Do you own the house you are in or renting. Just make sure it is in both names. Also ensure you have a will drawn up and that you leave everything to her. 
Not sure about the tax implications sorry.


----------



## j26 (11 Sep 2010)

No tax benefits for fiancees, and no inheritance rights 

 You should make a will and maybe take out a life insurance policy to cover tax liabilities if anything goes wrong. Bear in mind that marriage revokes a will, so you may need a new one after getting married.


----------



## Vanilla (11 Sep 2010)

Yes a will is revoked on marriage unless it was made 'in contemplation ' of the marriage to come- just tell the solicitor you are engaged and they will ensure correct wording to prevent revocation on marriage.


----------



## twofor1 (11 Sep 2010)

zenzen said:


> i want to know will my faincee have any legal rights to my estate if something happens to me? i want it to go to them and not family as we live together but am concerned there is no provision in the law for fiance? ie they would have to pay huge tax which would not occur if married.


 

Would a simple solution be to get married now in a registry office, then have whatever church ceremony and/or reception at a later date.


----------



## huskerdu (11 Sep 2010)

The civil partnership bill will probably address your concerns, but I don't know when we can expect it to be enacted but it wont be for a while, I think. I dont know when you plan to married, but you might be married before it happens.  As you describe your partner as a fiancee, I assume you do have plans to marry soon. 

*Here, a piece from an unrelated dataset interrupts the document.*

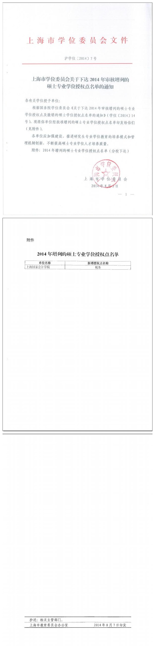 (通讯员:肖舒羽)(近日,我院接到《上海市学位委员会关于下达2014年审核增列的硕士专业学位授权点名单的通知》(沪学位〔2014〕7号),根据国务院学位委员会《关于下达2014年审核增列的硕士专业学位授权点及撤销的硕士学位授权点名单的通知》(学位〔2014〕14号),我院被批准增列为税务硕士专业学位授权点,即将开展税务硕士专业学位研究生教育工作。

First off, your fiancee will get nothing if you die tomorrow, unless you have willed it to her.  If you have no will, your legal next of kin will get everything. 
The exception to this is a jointly owned asset ( house, bank account). 

Currently you and your fiancee are legally strangers,so there will be a tax bill on the inheritance.


----------



## fizzelina (1 Oct 2010)

twofor1 said:


> Would a simple solution be to get married now in a registry office, then have whatever church ceremony and/or reception at a later date.


 
+1 can you not get married and then avoid the issue?


----------



## z104 (14 Oct 2010)

It will cost you 150 euro to get married. Problem solved.

Next question please..


----------